When the waiters had left the table, Margit exchanged greetings with two elderly Englishwomen in the other corner of the veranda and asked them if they liked the place. Looking indifferently around the vast blue sky, they answered that its attractiveness, like that of the other places in the brochures, had been exaggerated. It was true that the weather was good, but it was empty and cheerless. Immediately after the holidays they were going to Colombo.
“Why did you get involved with them?” he said, quelling her friendly impulse. “We won’t be able to get rid of them. Eat.”
“I don’t think they’re happy.”
“They have bank accounts. They travel. They do as they like.”
“Too late. Everything came too late: wealth, acquaintance with the world, even the pleasures of the table. They don’t digest their food well; I heard them ask for rice gruel. But they hope to find a chink through which to escape their age. It distresses them. They don’t want to resign themselves to it. Sad.”
“And they are funny in those girlish dresses, with garish lipstick. Pearls on turkeys’ necks. They follow every Indian man with their eyes. Don’t they see how they look?”

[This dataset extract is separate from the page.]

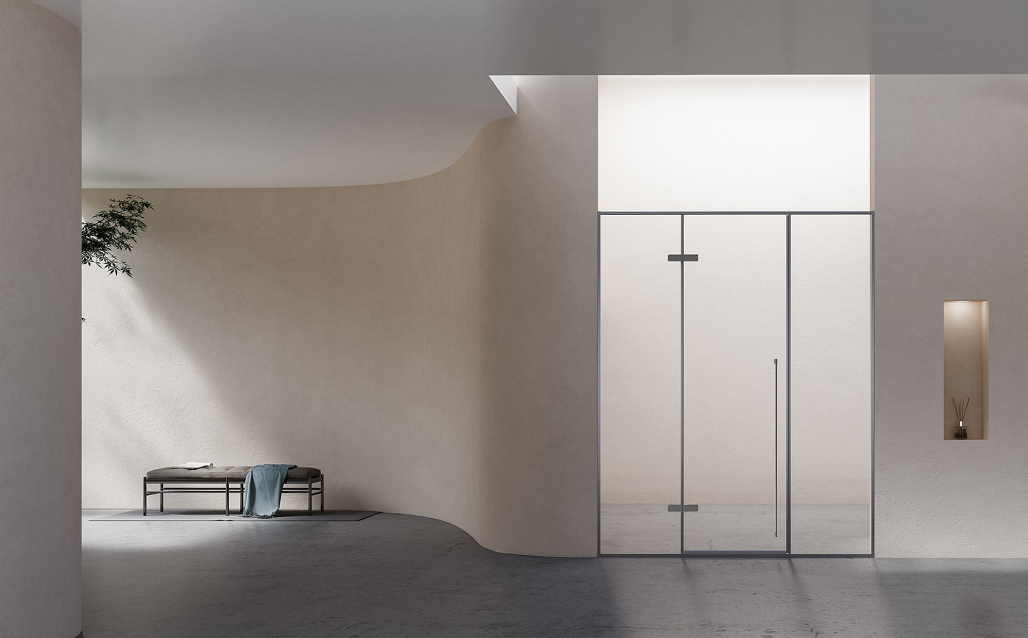獨(dú)特切面,簡(jiǎn)而隱逸。隱藏式轉(zhuǎn)軸,內(nèi)開(kāi)時(shí)螺絲不外露,外開(kāi)90°限位,穩(wěn)固防下墜

They walked toward the blue cottage.
“They’re terribly unhappy,” she said with conviction. “They don’t believe in love even if they once experienced it. By now they only trust money.”
“And that is dreadful.” Contemptuously he kicked a coconut shell that rolled like a monkey’s skull. “They buy men’s attentions.”
She was silent, stepping lightly along the firmly tamped path covered with streaks of sparkling sand. She shook her head reproachfully and whispered almost to herself, “Everyone buys love somehow. I do, too.”
He whirled around, took her by her arms and looked deep into her eyes, where he saw the lustrous reflection of the clear sky.
“Is it so bad for you, being with me?”
“No. You know that very well,” she answered soberly. “I want only one thing: that we go to Australia and this seesawing finally ends.”
They stood in the full glare of the sun. The warm wind ruffled Margit’s skirt. Curving, feather-like palm fronds swayed above her red hair. He felt the pulsing of her blood, the fragrance of her skin, and the slow, infuriatingly calm hum and rumble of the ocean.